BEGIN Material for this exercise
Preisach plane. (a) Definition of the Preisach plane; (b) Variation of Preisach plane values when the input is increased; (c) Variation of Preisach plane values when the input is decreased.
END Material for this exercise
BEGIN Material for this exercise
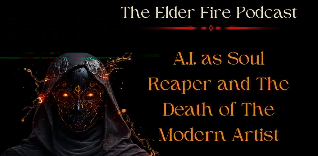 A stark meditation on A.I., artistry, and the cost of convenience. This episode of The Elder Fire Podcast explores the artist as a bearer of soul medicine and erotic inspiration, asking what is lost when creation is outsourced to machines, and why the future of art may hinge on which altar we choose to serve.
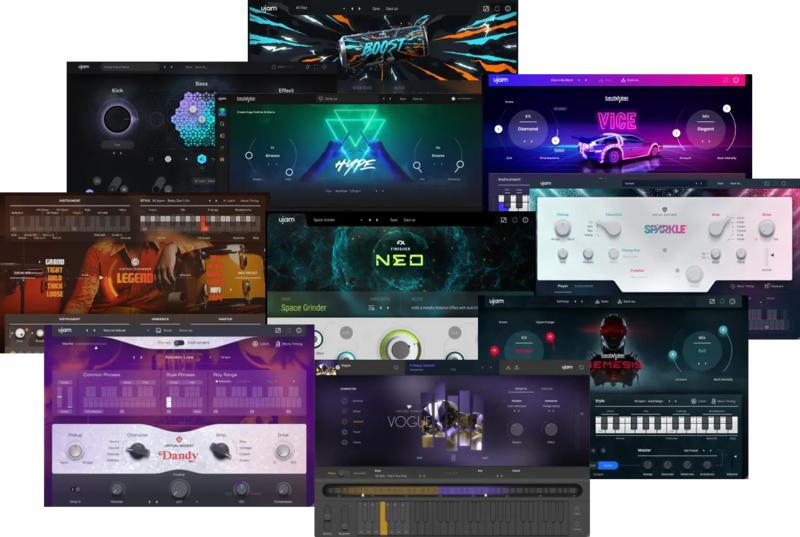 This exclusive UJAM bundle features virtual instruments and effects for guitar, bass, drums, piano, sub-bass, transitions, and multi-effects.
END Material for this exercise
BEGIN Material for this exercise
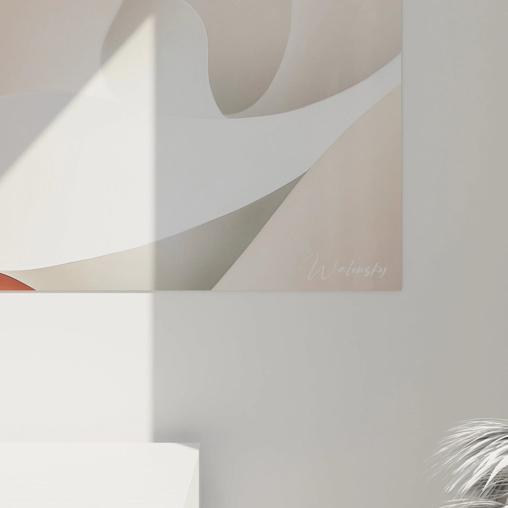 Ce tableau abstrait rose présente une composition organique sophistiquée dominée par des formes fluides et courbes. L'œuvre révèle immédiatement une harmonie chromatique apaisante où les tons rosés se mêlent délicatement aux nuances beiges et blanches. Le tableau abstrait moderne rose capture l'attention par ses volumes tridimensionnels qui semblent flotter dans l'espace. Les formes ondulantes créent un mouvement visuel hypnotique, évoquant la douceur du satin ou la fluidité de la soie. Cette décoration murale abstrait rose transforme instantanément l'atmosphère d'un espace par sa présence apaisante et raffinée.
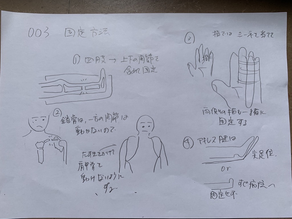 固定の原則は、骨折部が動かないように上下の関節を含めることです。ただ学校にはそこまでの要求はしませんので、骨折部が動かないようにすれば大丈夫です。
END Material for this exercise
Task goal »
Here the job is to copy the listing above word for word, starting at the line with "A stark meditation" and ending at the line with "This exclusive UJAM", and to leave out the pictures.

Answer box »
 A stark meditation on A.I., artistry, and the cost of convenience. This episode of The Elder Fire Podcast explores the artist as a bearer of soul medicine and erotic inspiration, asking what is lost when creation is outsourced to machines, and why the future of art may hinge on which altar we choose to serve.
 This exclusive UJAM bundle features virtual instruments and effects for guitar, bass, drums, piano, sub-bass, transitions, and multi-effects.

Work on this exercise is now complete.